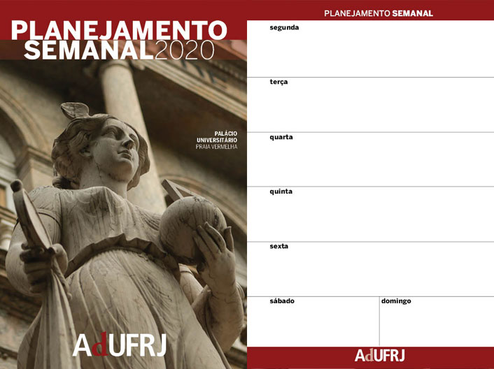 Os professores vão ganhar da AdUFRJ uma agenda para planejamento semanal. No brinde, além das páginas dedicadas à organização dos compromissos semanais no próximo ano, o conteúdo é ilustrado com imagens de obras de arte da instituição, encontradas ao ar livre ou pertencentes aos acervos dos museus. Foi uma forma de homenagear o centenário da universidade. No texto de abertura da publicação, a presidente da AdUFRJ, professora Eleonora Ziller, faz um convite à unidade,“Em 2020, a UFRJ celebra 100 anos de universidade pública, grauita e de qualidade. Recomeçaremos incansáveis, preenchendo cada semana com nossos planos e nossos sonhos. Esse é o nosso convite, que estejamos juntos nessa caminhada”. O material será distribuído nas atividades do sindicato e também pode ser obtido na sede da AdUFRJ.
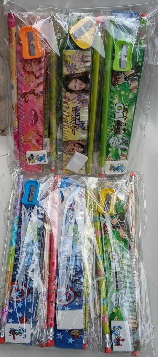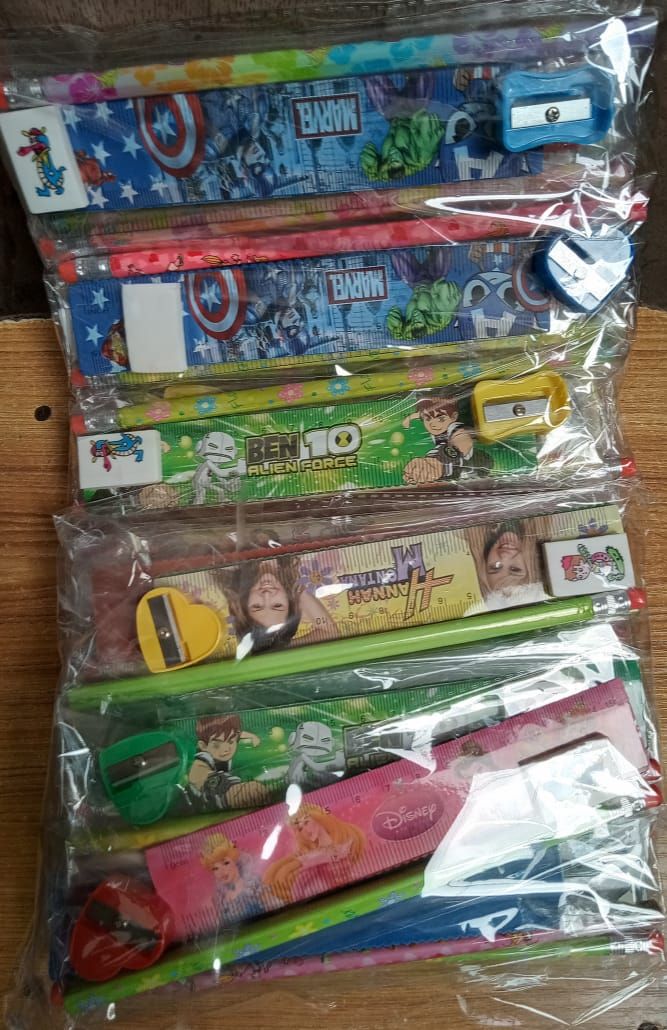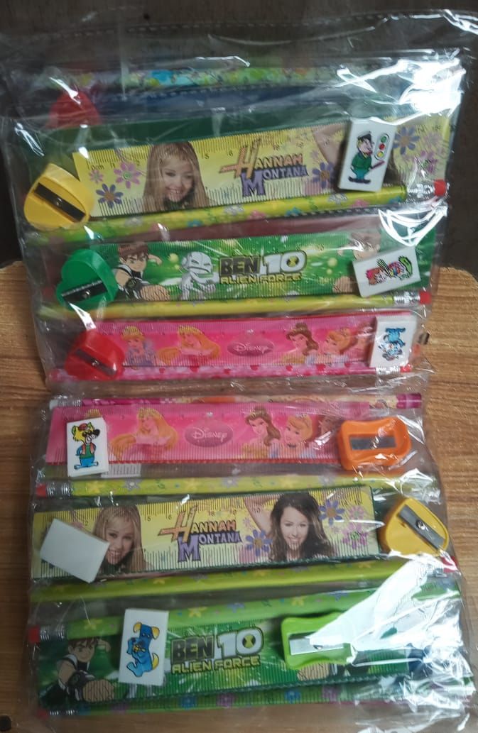 12 Kids Party Gift Pack-Writing Set Ruler+Pencil+Eraser+SharpenerThis Party gift pack comes in different colour and Mixture of Cartoon character as will be served according to available colour and Cartoon mixtureThis 12 pack is packaged for 12 children contain as follows:Ruler as children appreciate using the ruler seeing their lovely cartoon characters on it and it is colourful as they need the ruler to rule lines when writing making their write up neatIt also comes with pencil having different body cartoon characters on it as they need the pencil to write both in school and at home.Also another important gift needed for kids is the stylish cartoon shape eraser to clean error writing and sharpener to sharp their pencils when the writing mouth is broken.Comes in 12 in a pack to give 12 children.Pack-of-12-Children-Cartoon-Writing-Set
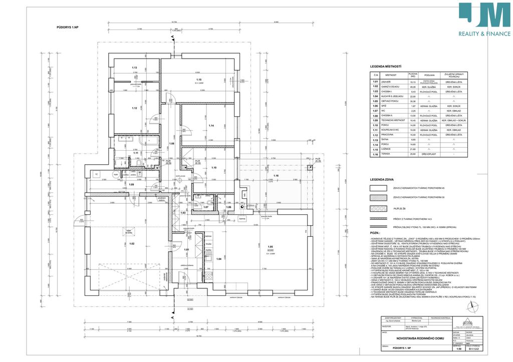 V ceně není: vybavení domu (zařizovací předměty, vnitřní dveře, koupelna, toalety, kuchyň), finální podlahy (např vinyl, dlažba), oplocení pozemku a dokončovací práce na pozemku.
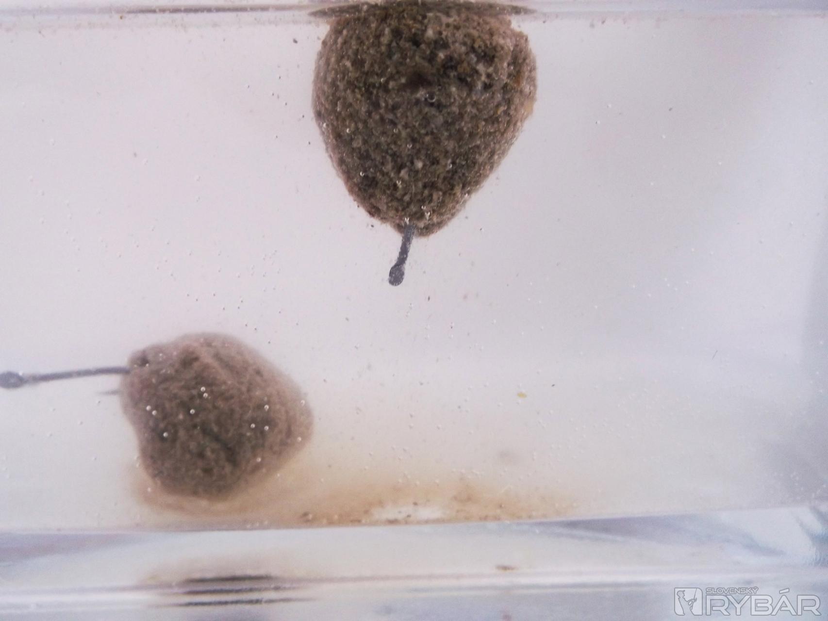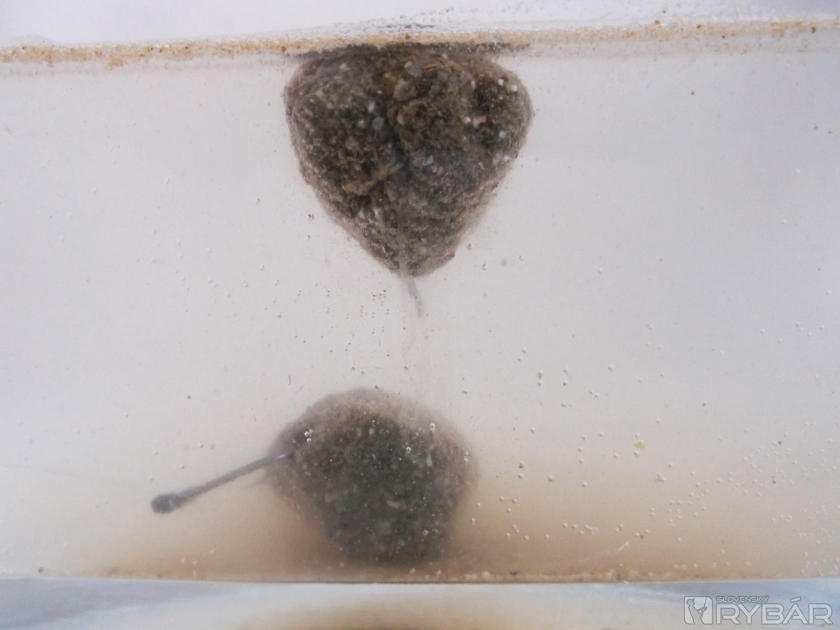 Je dôležité, aby sa vám nestávalo, že po vytiahnutí montáže máte na kŕmidle zmes čo ste nahadzovali. Veľa rybárov do krmív pridáva rôzne múky a podobné suroviny, no je to úplne zbytočné a pokazí to krmivo. Na fotkách môžete vidieť, ako má pracovať správne namiešané krmivo po vhodení do vody.
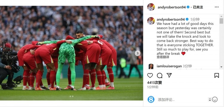 3月17日訊 在北京時(shí)間今天凌晨進(jìn)行的聯(lián)賽杯決賽中,羅伯遜踢滿(mǎn)全場(chǎng),最終利物浦1-2不敵紐卡,無(wú)緣冠軍。羅伯遜在社交媒體上曬出球員們圍在一起打氣的照片,并寫(xiě)道:“本賽季我們有過(guò)很多美好的日子,但昨天肯
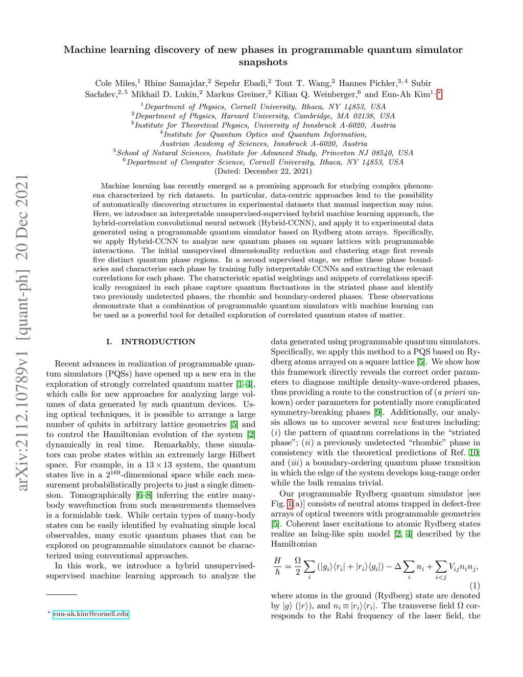 Machine learning has recently emerged as a promising approach for studying complex phenomena characterized by rich datasets. In particular, data-centric approaches lend to the possibility of automatically discovering structures in experimental datasets that manual inspection may miss. Here, we introduce an interpretable unsupervised-supervised hybrid machine learning approach, the hybrid-correlation convolutional neural network (Hybrid-CCNN), and apply it to experimental data generated using a programmable quantum simulator based on Rydberg atom arrays. Specifically, we apply Hybrid-CCNN to analyze new quantum phases on square lattices with programmable interactions. The initial unsupervised dimensionality reduction and clustering stage first reveals five distinct quantum phase regions. In a second supervised stage, we refine these phase boundaries and characterize each phase by training fully interpretable CCNNs and extracting the relevant correlations for each phase. The characteristic spatial weightings and snippets of correlations specifically recognized in each phase capture quantum fluctuations in the striated phase and identify two previously undetected phases, the rhombic and boundary-ordered phases. These observations demonstrate that a combination of programmable quantum simulators with machine learning can be used as a powerful tool for detailed exploration of correlated quantum states of matter.

* Exercise goal
Each line above is to be duplicated exactly, and the pictures are to be omitted.

* Your response
 Os professores vão ganhar da AdUFRJ uma agenda para planejamento semanal. No brinde, além das páginas dedicadas à organização dos compromissos semanais no próximo ano, o conteúdo é ilustrado com imagens de obras de arte da instituição, encontradas ao ar livre ou pertencentes aos acervos dos museus. Foi uma forma de homenagear o centenário da universidade. No texto de abertura da publicação, a presidente da AdUFRJ, professora Eleonora Ziller, faz um convite à unidade,“Em 2020, a UFRJ celebra 100 anos de universidade pública, grauita e de qualidade. Recomeçaremos incansáveis, preenchendo cada semana com nossos planos e nossos sonhos. Esse é o nosso convite, que estejamos juntos nessa caminhada”. O material será distribuído nas atividades do sindicato e também pode ser obtido na sede da AdUFRJ.
 12 Kids Party Gift Pack-Writing Set Ruler+Pencil+Eraser+SharpenerThis Party gift pack comes in different colour and Mixture of Cartoon character as will be served according to available colour and Cartoon mixtureThis 12 pack is packaged for 12 children contain as follows:Ruler as children appreciate using the ruler seeing their lovely cartoon characters on it and it is colourful as they need the ruler to rule lines when writing making their write up neatIt also comes with pencil having different body cartoon characters on it as they need the pencil to write both in school and at home.Also another important gift needed for kids is the stylish cartoon shape eraser to clean error writing and sharpener to sharp their pencils when the writing mouth is broken.Comes in 12 in a pack to give 12 children.Pack-of-12-Children-Cartoon-Writing-Set
 V ceně není: vybavení domu (zařizovací předměty, vnitřní dveře, koupelna, toalety, kuchyň), finální podlahy (např vinyl, dlažba), oplocení pozemku a dokončovací práce na pozemku.
 Je dôležité, aby sa vám nestávalo, že po vytiahnutí montáže máte na kŕmidle zmes čo ste nahadzovali. Veľa rybárov do krmív pridáva rôzne múky a podobné suroviny, no je to úplne zbytočné a pokazí to krmivo. Na fotkách môžete vidieť, ako má pracovať správne namiešané krmivo po vhodení do vody.
 3月17日訊 在北京時(shí)間今天凌晨進(jìn)行的聯(lián)賽杯決賽中,羅伯遜踢滿(mǎn)全場(chǎng),最終利物浦1-2不敵紐卡,無(wú)緣冠軍。羅伯遜在社交媒體上曬出球員們圍在一起打氣的照片,并寫(xiě)道:“本賽季我們有過(guò)很多美好的日子,但昨天肯
 Machine learning has recently emerged as a promising approach for studying complex phenomena characterized by rich datasets. In particular, data-centric approaches lend to the possibility of automatically discovering structures in experimental datasets that manual inspection may miss. Here, we introduce an interpretable unsupervised-supervised hybrid machine learning approach, the hybrid-correlation convolutional neural network (Hybrid-CCNN), and apply it to experimental data generated using a programmable quantum simulator based on Rydberg atom arrays. Specifically, we apply Hybrid-CCNN to analyze new quantum phases on square lattices with programmable interactions. The initial unsupervised dimensionality reduction and clustering stage first reveals five distinct quantum phase regions. In a second supervised stage, we refine these phase boundaries and characterize each phase by training fully interpretable CCNNs and extracting the relevant correlations for each phase. The characteristic spatial weightings and snippets of correlations specifically recognized in each phase capture quantum fluctuations in the striated phase and identify two previously undetected phases, the rhombic and boundary-ordered phases. These observations demonstrate that a combination of programmable quantum simulators with machine learning can be used as a powerful tool for detailed exploration of correlated quantum states of matter.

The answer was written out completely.